§ **Task requirements**
For the listing below, print exactly the lines from the line with "Vintage NORTHWEST TERRITORIES" to the line with "Concert exceptionnel du", both included, and nothing beyond them.

§ **Record excerpts**
★ ★ ★ ★ ★

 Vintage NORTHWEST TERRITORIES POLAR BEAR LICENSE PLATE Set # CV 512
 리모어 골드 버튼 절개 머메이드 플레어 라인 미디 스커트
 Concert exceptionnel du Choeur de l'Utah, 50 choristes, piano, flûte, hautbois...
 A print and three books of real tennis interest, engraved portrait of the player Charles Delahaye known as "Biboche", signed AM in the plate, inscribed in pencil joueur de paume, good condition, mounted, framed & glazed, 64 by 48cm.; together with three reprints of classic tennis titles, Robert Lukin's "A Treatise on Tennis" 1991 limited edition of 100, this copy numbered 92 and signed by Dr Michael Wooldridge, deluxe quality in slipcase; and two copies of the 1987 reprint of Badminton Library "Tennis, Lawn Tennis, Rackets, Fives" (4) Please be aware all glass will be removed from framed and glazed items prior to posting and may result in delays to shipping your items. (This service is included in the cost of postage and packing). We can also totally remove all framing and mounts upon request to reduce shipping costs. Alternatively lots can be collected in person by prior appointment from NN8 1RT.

★ ★ ★ ★ ★

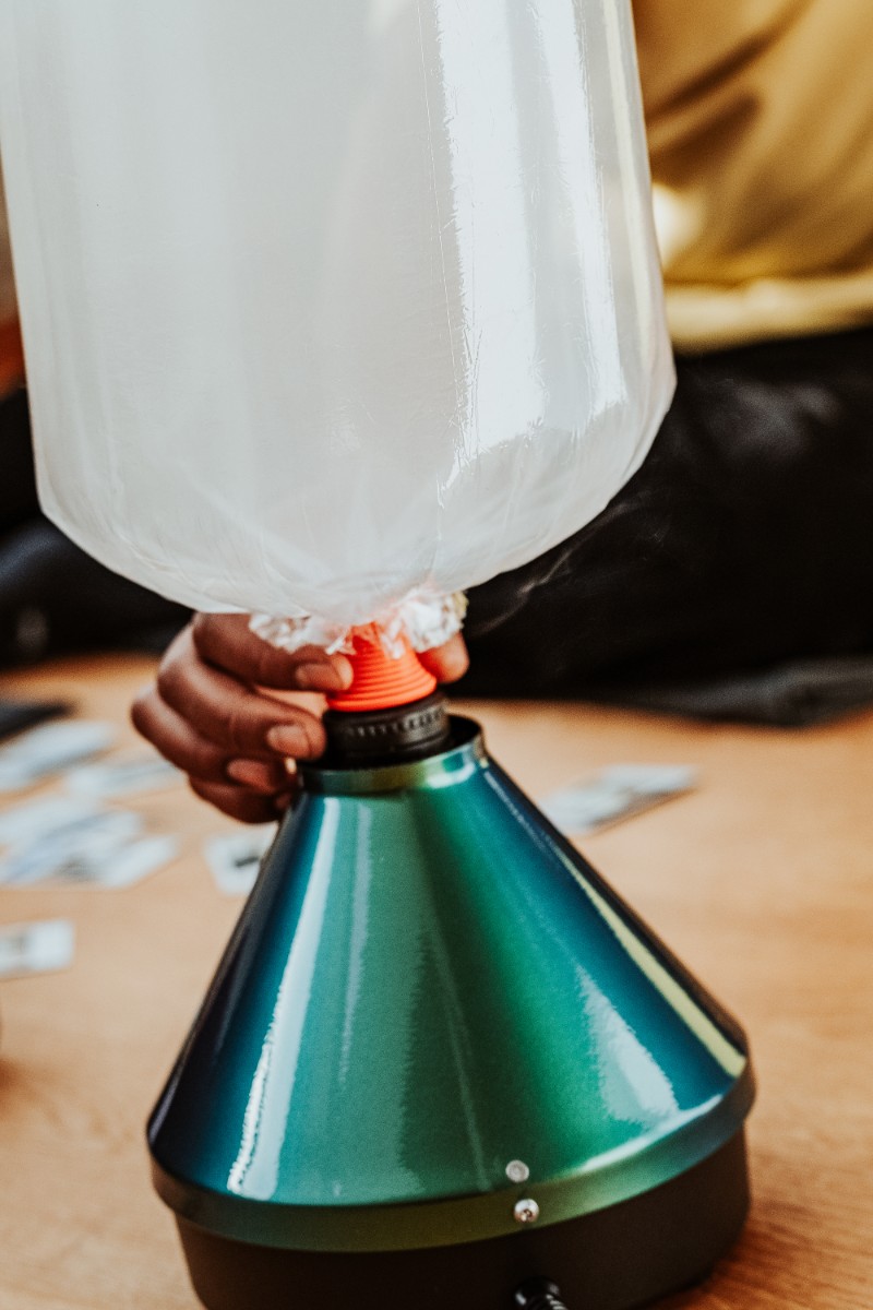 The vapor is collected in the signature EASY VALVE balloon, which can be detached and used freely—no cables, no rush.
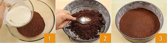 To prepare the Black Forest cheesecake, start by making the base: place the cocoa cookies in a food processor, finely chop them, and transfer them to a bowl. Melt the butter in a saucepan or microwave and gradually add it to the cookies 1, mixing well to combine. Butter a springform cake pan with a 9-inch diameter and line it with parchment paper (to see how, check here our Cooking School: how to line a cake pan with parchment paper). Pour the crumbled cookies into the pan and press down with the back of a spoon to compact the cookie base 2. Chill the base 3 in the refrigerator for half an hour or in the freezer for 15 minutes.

★ ★ ★ ★ ★

§ **The answer**
 Vintage NORTHWEST TERRITORIES POLAR BEAR LICENSE PLATE Set # CV 512
 리모어 골드 버튼 절개 머메이드 플레어 라인 미디 스커트
 Concert exceptionnel du Choeur de l'Utah, 50 choristes, piano, flûte, hautbois...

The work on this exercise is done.